亜内×千尋①

亜内武文は一流のベテラン検事である。

今日はいつになく署内は忙しそうだ。
みんな脅迫観念に駆られるかのように机に齧り付いて書類とにらめっこしていた。
思わず脅迫罪を適用したくなるほどのにらめっこだ。
亜内は来客用の椅子に腰掛け、刑法222条をなぞりながら被害者兼被告人達を眺めていた。
と、気づけばすまし顔の婦警がお盆を携えて亜内の前に影を落とす。
「亜内検事、コーヒーどうぞ」
「あぁ、ありが…」
「仕事ですから。では」

 言葉尻は思い切り噛み砕かれた。

「…ありがとう」
 婦警はもう明後日にいたが、一応噛み砕かれた言葉尻を反芻した。
(いつぞやに検事モノのドラマが流行った時は、少しは人受けも良かったんですけどねぇ。)
 相撲番付入りの湯飲みに淹れられたインスタントコーヒーを啜りながら色んな苦味に口をすぼめる。
 きっと御剣検事になら、豆から挽いて小洒落た磁器に淹れて出すのだろうと考えれば、
 ご自慢だったあの髪を取り戻せばワタシだってと育毛剤をまぶす作業にも気合がみなぎるというものだ。

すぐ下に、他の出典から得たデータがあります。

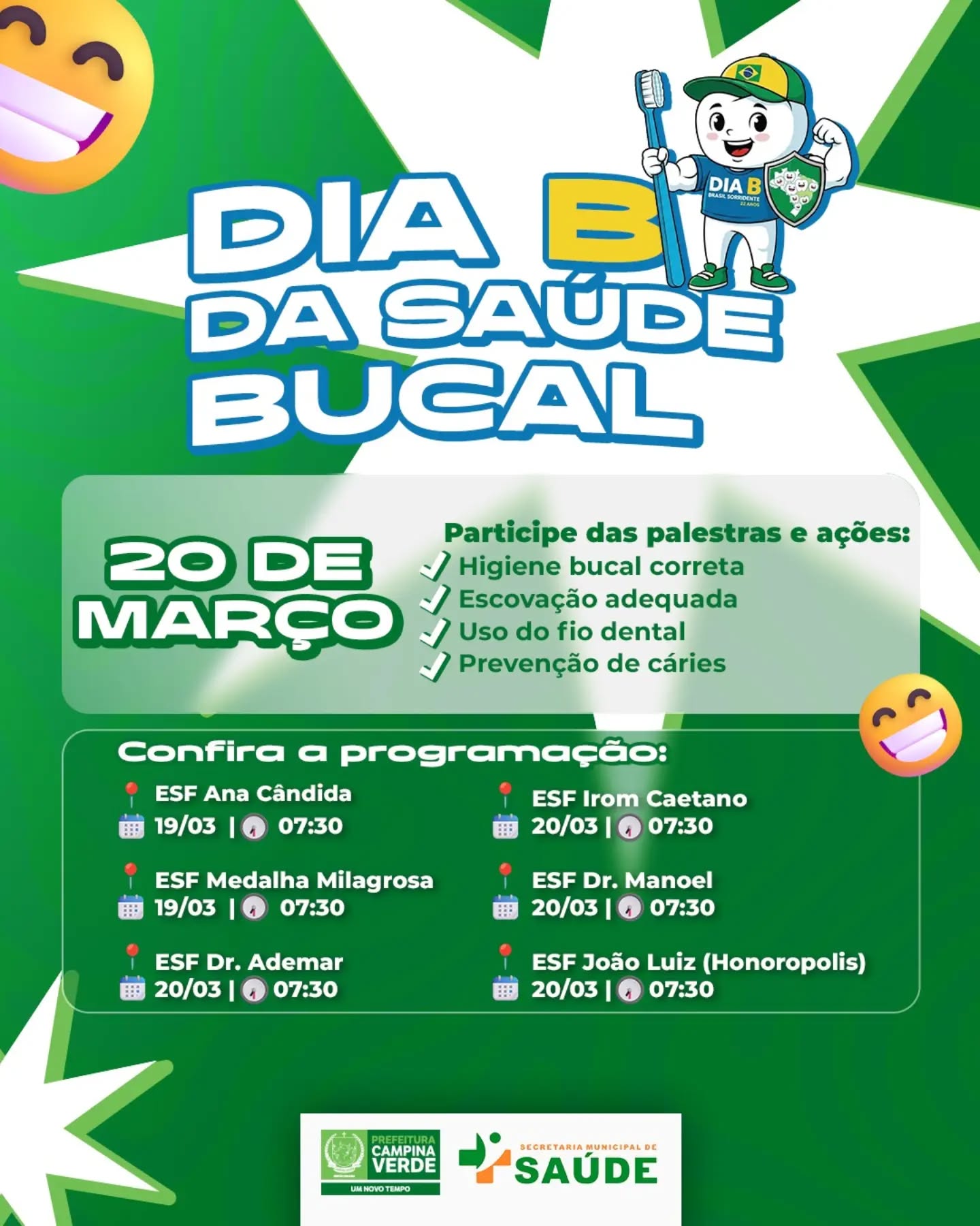 A Prefeitura de Campina Verde, por meio da Secretaria Municipal de Saúde, realizará uma programação especial em alusão ao Dia da Saúde Bucal, celebrado no dia 20 de março.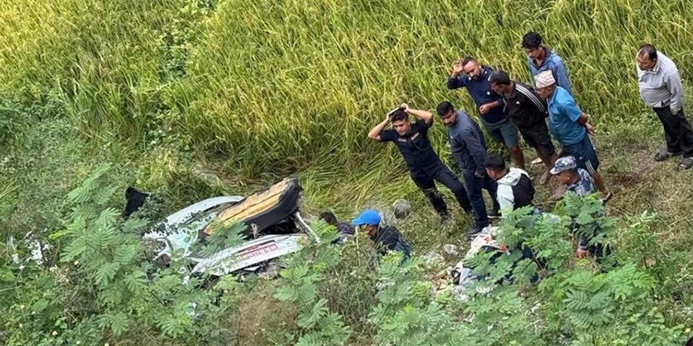सिन्धुलीमा सडकबाट ४२ फिट तल खस्यो कारः श्रीमान्‌को मृत्यु, श्रीमती र छोरा घाइते

「まだ出てないんですか!人の一生がかかっているんですよ!」
 急に、張り詰めた空気を壊すかのような一際高い声が響く。
 何か揉め事だろうか。
 厄介な事には関わりたくないので気にせず番付表を目でなぞりながらもう一啜りした。
 そこで随分と年代の入った湯のみである事が発覚したが余り気にしない。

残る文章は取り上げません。